Kamis, 18 April 2013

Parental alienation Memoir review-a father's Heartbreak

Memoirs, Michael Jeffries, heartbreak of a family-a parent’s introduction to parental alienation, describes his transition from beloved father, exiled to the provider. It is a painful but compelling reading. The book is part ‘ Dear Diary ‘, the therapist/patient relationship and part academic treatise on neurosis and personality disorders that led to living hell that Jeffries skilled and in some ways is still alive.

Like a pointillist painting, where further back you go, the clearer the picture becomes parental alienation, is a series of seemingly innocent more doublings, or concerns for the welfare of the child; It’s just when the points are connected that you see the full picture.

Jeffries went by the American dream of loving wife and two boys to parental alienation’s nightmare, which is a situation where one parent, usually the mother, works actively to destroy the relationship between the other parent and the child.

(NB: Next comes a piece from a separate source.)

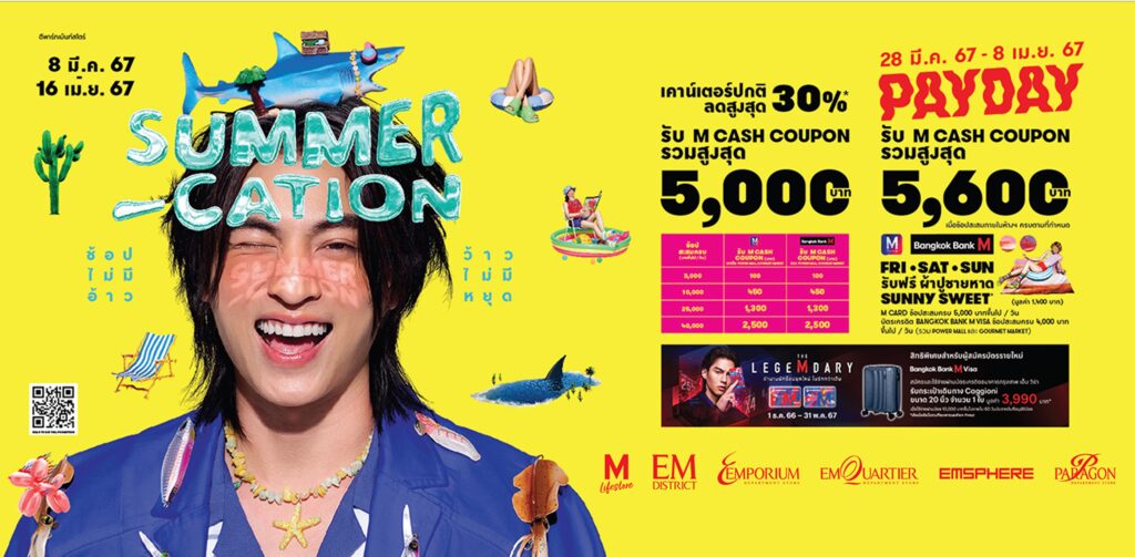 - Tourist Summer Cation เมื่อช้อปสินค้าในห้างฯเอ็มโพเรียม, เอ็มควอเทียร์, เอ็มสเฟียร์ และพารากอน ดีพาร์ทเม้นท์สโตร์ สะสมครบ 20,000 บาท / สาขา /วัน รับคูปองเงินสดมูลค่า 500 บาท และ เมื่อช้อปสินค้าในห้างฯเดอะมอลล์ไลฟ์สโตร์ บางกะปิ สะสมครบ 15,000 บาท / สาขา /วัน รับคูปองเงินสดมูลค่า 500 บาท เพื่อเพื่อต่อยอดการช้อปปิ้ง ในการซื้อถัดไป ตั้งแต่วันนี้ – 31 พ.ค. 2567

The son at the same time loving, was turned against him by an ex-wife whose fears of abandonment and insecurity destroyed the relationship between father and son.

When Jeffries decided it was time to move on from his marriage, he unknowingly tripped a trigger wire for emotional imbalance of his ex-wife, which led to recording their youngest son in his psychosis. Started with his 11-year-old boy sleeping in his bed, and continued to the point that the parent-child relationship has been strained to the breaking point.

In agonizing detail, Jeffries defines the progression of his son’s youth lover conversion to a teenager emotionally exhausted that simply cannot tolerate the pain during contact with the father. In unusually clear language, Jeffries explains the transformation of his son and the tactics used by his ex-wife to create transformation.

Details of seemingly harmless actions of a parent worried, Jeffries is able to connect the dots of how a mother who turned her son against his father. Paints a picture of powerlessness of the court system to help him, based on the inherent bias of the courts in favour of the mother, and the difficulty in attacking what appears to be nothing more than a mother’s concern for the welfare of his children. Nobody wants to believe a mother could be so devious, tricky and dangerous, but it can be.

This book is an excellent exploration into the twistedness of “Wonderland” is the parental alienation. The lies, the deceptions and volcanic eruptions of anger for apparently minor transgressions, these are the battles in a war without winners.

For every man who is enduring this hell, to every lawyer who fights this form of child abuse and for all practitioners who have to treat children damaged side, this book should be a resource before in their armament.

In clear, concise language, Dr. Joel Davies and Michael Jeffries explain both the real effects and underlying motivations for subconscious this form of abuse.

These cases are difficult to prove, because on the surface, everything looks essentially normal. It is only when you connect the dots, you can see the whole picture. As stories as Jeffrie are made public, will increase awareness, and hopefully, fathers and their children can be reunited, or better yet, never separated.